Exercise requirements — Give back the full listing as written. No pictures go with it.

Recorded information —
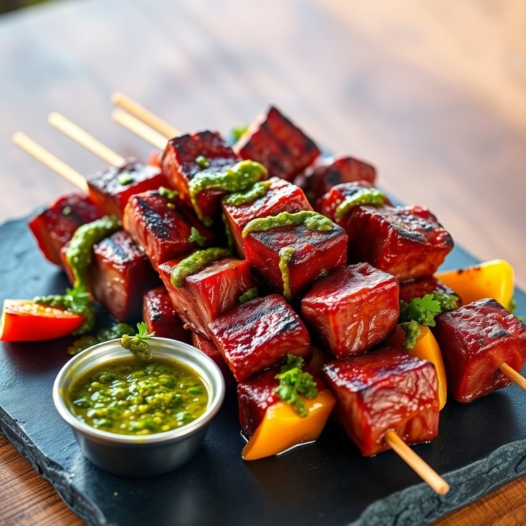 - Brochetas de Res Marinadas en Chimichurri con Verduras Asadas
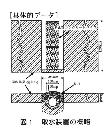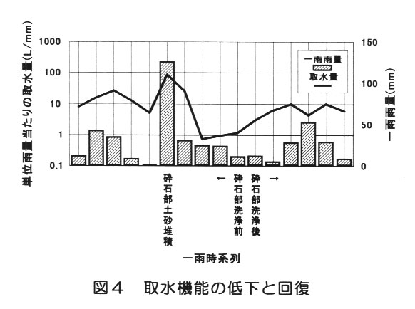 大雨によりコンクリートパイプや砕石の部分に流出土砂が堆積すると、目詰まりなどにより通水阻害が起こるため、その後の降雨流出に対する取水量は激減する。土を除去し、砕石やコンクリートパイプを洗浄することにより、取水機能は回復する(
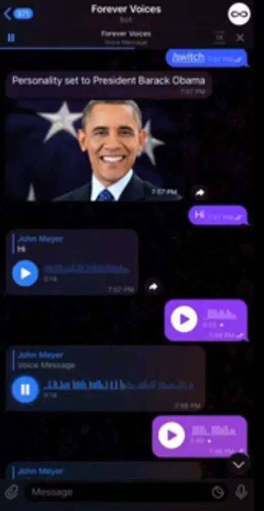 该CEO介绍,这些“AI分身们”是利用原始人物声音,训练出一个AI模型,然后将模型连接到ChatGPT API。最后,将其全部连接到Facebook Messenger上,以此实现与名人们双向语音对话。
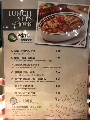 Initially we ordered a steak set and a spaghetti bolognese. When the spaghetti arrived the pasta was clearly over cooked and mushy. We returned it and changed it to baked pork chop rice instead.Both the pork chop and steak were way over tenderised. There were no texture so you wouldn’t know what you were eating if your eyes were closed. In fact, the rice required more chewing than the pork chop. Sauces were too salty.For this price, I rather eat at Cafe de Coral. Standards have really dropped at YLK and it’s no surprise there are fewer and fewer restaurants left in Hong Kong.…查看更多

Exercise result —
 - Brochetas de Res Marinadas en Chimichurri con Verduras Asadas
 大雨によりコンクリートパイプや砕石の部分に流出土砂が堆積すると、目詰まりなどにより通水阻害が起こるため、その後の降雨流出に対する取水量は激減する。土を除去し、砕石やコンクリートパイプを洗浄することにより、取水機能は回復する(
 该CEO介绍,这些“AI分身们”是利用原始人物声音,训练出一个AI模型,然后将模型连接到ChatGPT API。最后,将其全部连接到Facebook Messenger上,以此实现与名人们双向语音对话。
 Initially we ordered a steak set and a spaghetti bolognese. When the spaghetti arrived the pasta was clearly over cooked and mushy. We returned it and changed it to baked pork chop rice instead.Both the pork chop and steak were way over tenderised. There were no texture so you wouldn’t know what you were eating if your eyes were closed. In fact, the rice required more chewing than the pork chop. Sauces were too salty.For this price, I rather eat at Cafe de Coral. Standards have really dropped at YLK and it’s no surprise there are fewer and fewer restaurants left in Hong Kong.…查看更多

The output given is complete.